--- RECORDS TO USE Enclosed Below ---

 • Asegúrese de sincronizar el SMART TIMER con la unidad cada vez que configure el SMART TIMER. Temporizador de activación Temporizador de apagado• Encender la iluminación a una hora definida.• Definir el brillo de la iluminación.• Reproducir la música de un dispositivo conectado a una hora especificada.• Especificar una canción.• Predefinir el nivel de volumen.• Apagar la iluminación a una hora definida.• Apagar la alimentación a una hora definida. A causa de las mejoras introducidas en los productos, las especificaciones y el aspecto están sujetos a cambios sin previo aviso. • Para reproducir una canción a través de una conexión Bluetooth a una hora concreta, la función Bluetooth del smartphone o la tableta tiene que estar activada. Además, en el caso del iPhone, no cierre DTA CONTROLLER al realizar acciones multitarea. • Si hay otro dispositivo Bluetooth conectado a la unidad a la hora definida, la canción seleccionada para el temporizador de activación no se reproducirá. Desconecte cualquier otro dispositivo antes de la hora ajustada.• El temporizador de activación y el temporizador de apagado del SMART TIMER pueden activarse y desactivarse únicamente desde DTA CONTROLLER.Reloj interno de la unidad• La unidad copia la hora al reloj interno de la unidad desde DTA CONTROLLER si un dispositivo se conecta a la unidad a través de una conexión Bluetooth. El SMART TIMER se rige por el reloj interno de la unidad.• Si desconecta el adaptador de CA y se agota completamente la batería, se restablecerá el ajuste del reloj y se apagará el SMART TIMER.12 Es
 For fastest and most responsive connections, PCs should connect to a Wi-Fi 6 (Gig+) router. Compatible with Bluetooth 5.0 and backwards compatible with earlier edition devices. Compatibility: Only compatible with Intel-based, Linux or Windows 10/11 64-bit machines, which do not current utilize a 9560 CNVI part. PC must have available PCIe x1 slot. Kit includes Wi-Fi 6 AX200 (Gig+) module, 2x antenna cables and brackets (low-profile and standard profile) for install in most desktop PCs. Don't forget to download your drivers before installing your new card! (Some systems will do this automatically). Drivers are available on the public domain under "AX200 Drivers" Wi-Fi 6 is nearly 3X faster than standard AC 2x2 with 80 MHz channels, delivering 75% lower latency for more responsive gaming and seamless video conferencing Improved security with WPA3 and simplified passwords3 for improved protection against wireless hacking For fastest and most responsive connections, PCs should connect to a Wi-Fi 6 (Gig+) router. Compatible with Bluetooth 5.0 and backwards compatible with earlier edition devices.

--- End of Enclosed RECORDS TO USE ---
--- RECORDS TO USE Enclosed Below ---

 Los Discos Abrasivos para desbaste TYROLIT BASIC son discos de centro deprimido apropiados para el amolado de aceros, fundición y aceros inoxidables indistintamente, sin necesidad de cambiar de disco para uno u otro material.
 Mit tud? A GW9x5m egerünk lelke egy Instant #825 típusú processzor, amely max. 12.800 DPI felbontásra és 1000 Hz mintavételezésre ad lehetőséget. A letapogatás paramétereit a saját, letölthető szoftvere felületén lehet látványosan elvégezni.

--- End of Enclosed RECORDS TO USE ---
--- RECORDS TO USE Enclosed Below ---

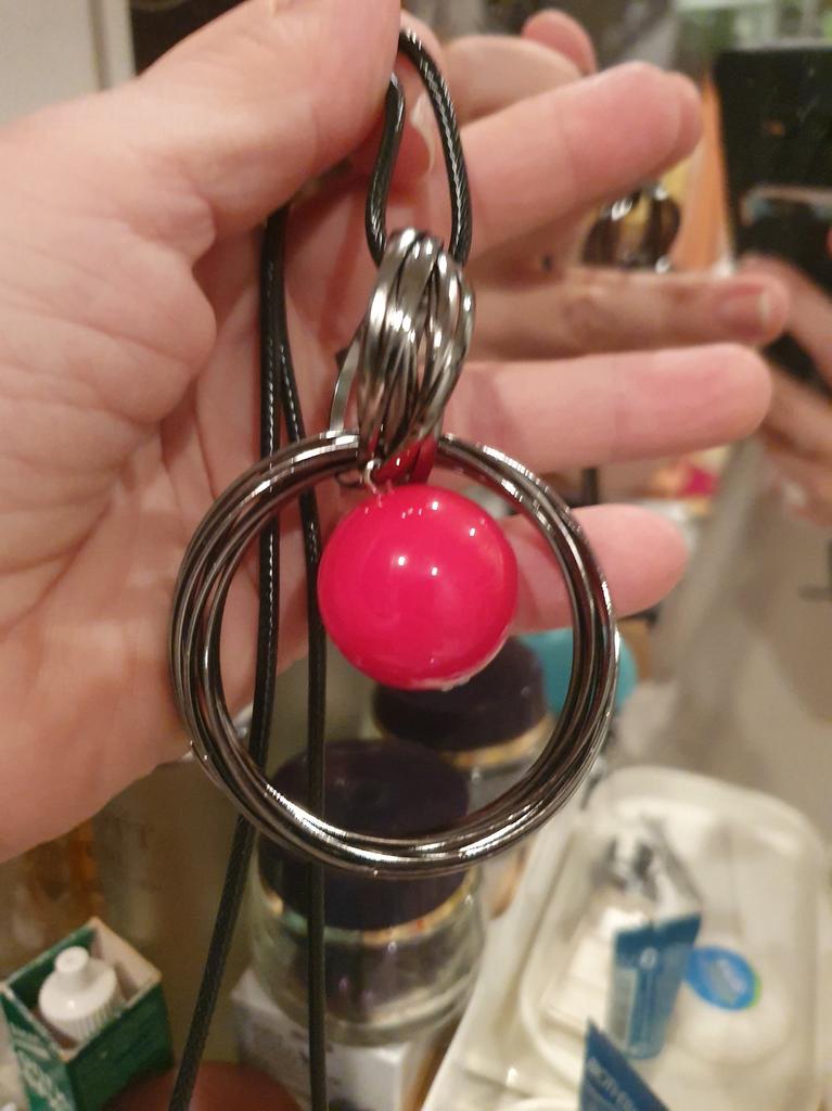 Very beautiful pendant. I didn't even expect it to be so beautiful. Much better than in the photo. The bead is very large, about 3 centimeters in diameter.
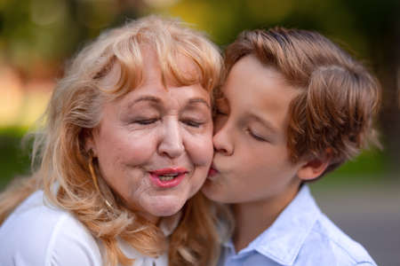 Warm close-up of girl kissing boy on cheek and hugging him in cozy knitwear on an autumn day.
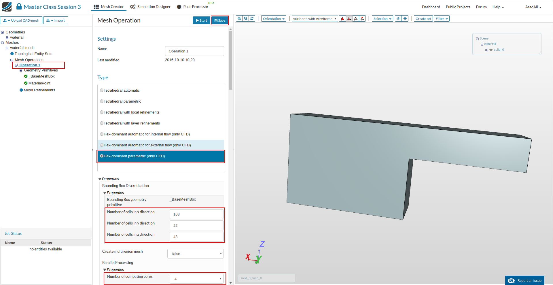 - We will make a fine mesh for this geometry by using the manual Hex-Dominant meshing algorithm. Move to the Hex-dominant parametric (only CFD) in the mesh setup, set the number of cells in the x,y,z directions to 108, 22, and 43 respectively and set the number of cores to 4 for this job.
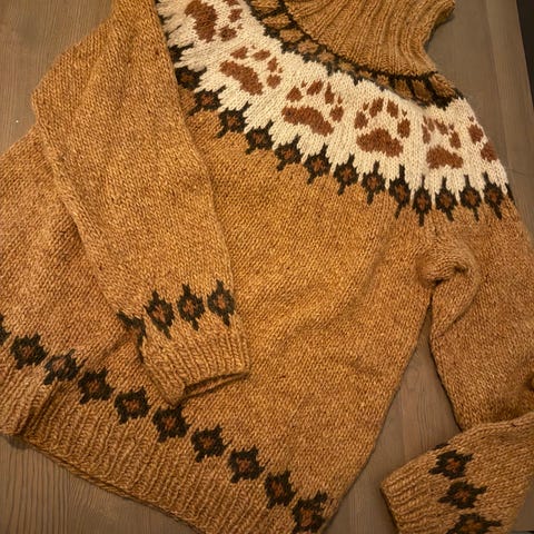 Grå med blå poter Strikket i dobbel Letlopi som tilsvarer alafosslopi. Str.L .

--- End of Enclosed RECORDS TO USE ---

= YOUR INSTRUCTIONS =
Above this task is a listing with pictures in it. Retype only the lines from the one containing "- We will make" through the one containing "Grå med blå", both included, and not the pictures.

= TASK OUTPUT =
 - We will make a fine mesh for this geometry by using the manual Hex-Dominant meshing algorithm. Move to the Hex-dominant parametric (only CFD) in the mesh setup, set the number of cells in the x,y,z directions to 108, 22, and 43 respectively and set the number of cores to 4 for this job.
 Grå med blå poter Strikket i dobbel Letlopi som tilsvarer alafosslopi. Str.L .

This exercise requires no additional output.